A team collaborating around a whiteboard with charts and graphs. Data-driven decisions start with a clear hypothesis.

The goal wasn't to be 100% certain. The goal was to be 75% confident, which is more than enough to de-risk a major business decision.

Our Experiment: A Micro-Funnel Approach

We designed a simple, seven-day experiment. We built a micro-funnel combining hyper-local search ads on platforms like Google and Facebook with a simple waitlist landing page.

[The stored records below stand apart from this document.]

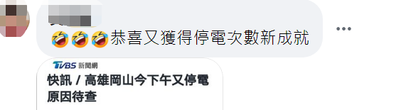 對於蔡英文今日還在蹭俄烏局勢熱度,有島內網友想起全台上週大停電諷刺道:台灣地區領導人真得很好當,缺電也沒事,啥都不關她的事。↓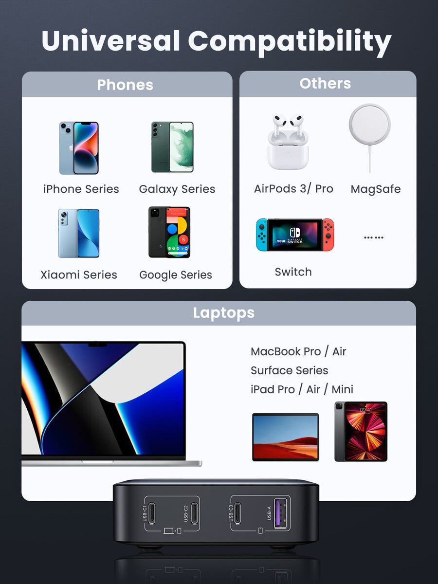 • Ugreen Nexode 100 W GaN desktop charger – ladda 4 enheter samtidigt.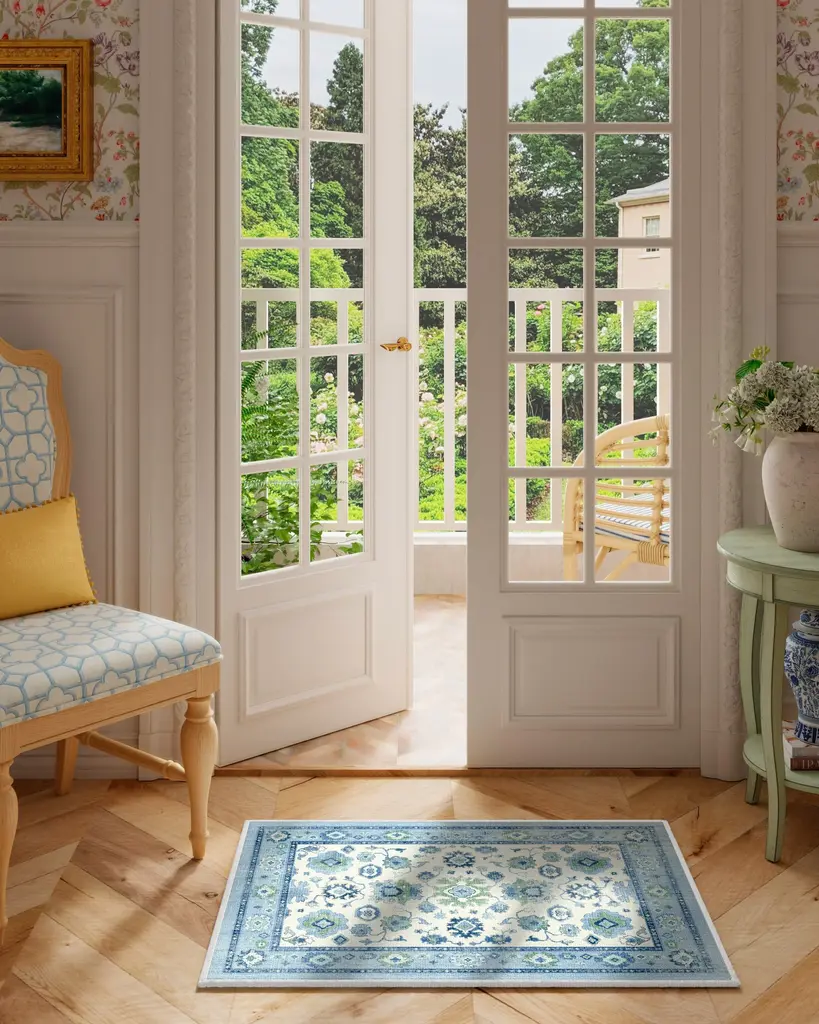 Inspired by Persian designs, this charming style features hand-drawn floral motifs that echo Mrs. Alice’s signature aesthetic. Soft and saturated shades of blues and greens blend seamlessly with warm beige tones, creating a harmonious palette that is both rich and inviting. Water-resistant, stain-resistant, and machine-washable. Rug colors may vary slightly according to your device and the lighting in your space.
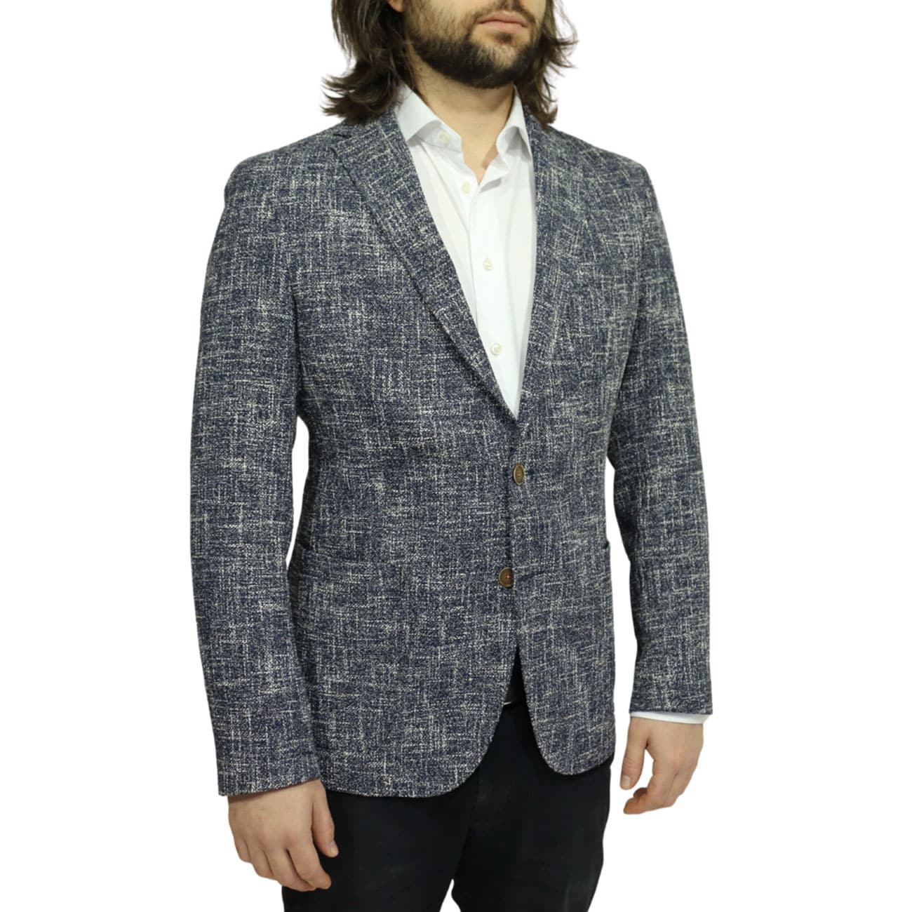 The Digel Navy and White Slub Smart Jacket is a contemporary piece with distinctive styling. The slub material has a woven texture for a rustic look; it is thick and soft to feel like a sweater. For comfort and ease of movement, this jacket is unstructured. Cut for a slim fit, this jacket sits close to the body for a neat shape.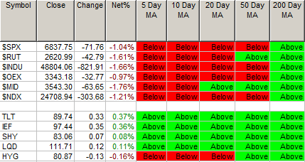 Moving Average Table: 30% from 77% of Equities are Positive, and 88% from 88% Bonds are Positive.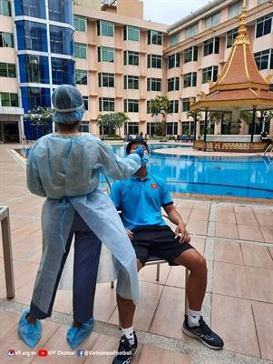 Các cầu thủ lấy mẫu test nhanh Covid-19 sáng 22.2 tại khách sạn
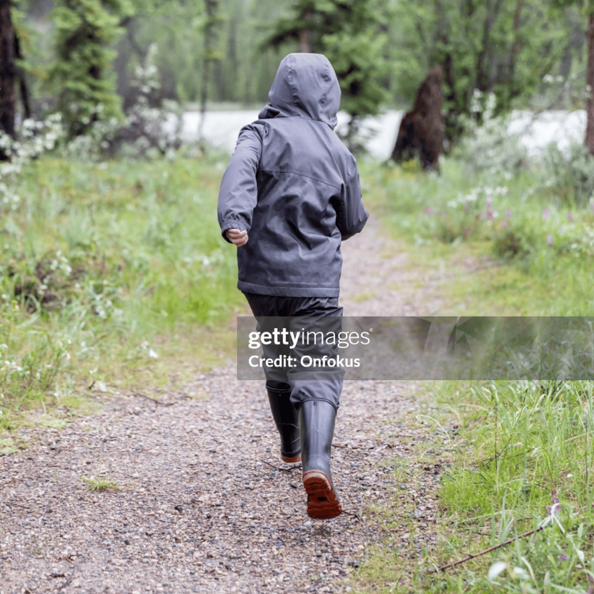 Boy in jeans and black rubber boots with red soles

The ads were targeted geographically to each of the five neighborhoods, with messaging tailored to local interests.

  1. Define Success Metrics: What would a 'successful' neighborhood look like?
  2. Build Micro-Landing Pages: Simple, focused pages for each neighborhood, capturing interest via a waitlist.
  3. Hyper-Targeted Ad Campaigns: Utilizing social media and search engines to reach specific geographic areas.
  4. Monitor & Iterate: Daily tracking of ad performance, sign-ups, and user feedback.
  5. Analyze & Rank: Comparing results across neighborhoods to identify the strongest contenders.

Tools We Used

  • Google Ads for hyper-local search intent
  • Facebook Ads for broader demographic targeting
  • Mailchimp for waitlist management
  • Google Analytics for tracking page performance
  • Custom Python Script for data aggregation and initial demand modeling

The Outcome: Data-Backed Confidence

The result was a ranked list of all five neighborhoods, complete with projected CAC and a 75% confidence score. The startup moved forward with the top-ranked area, saving an estimated $50,000 that would have been spent on a launch in the second-worst performing neighborhood. The process became a reusable playbook for future expansion decisions.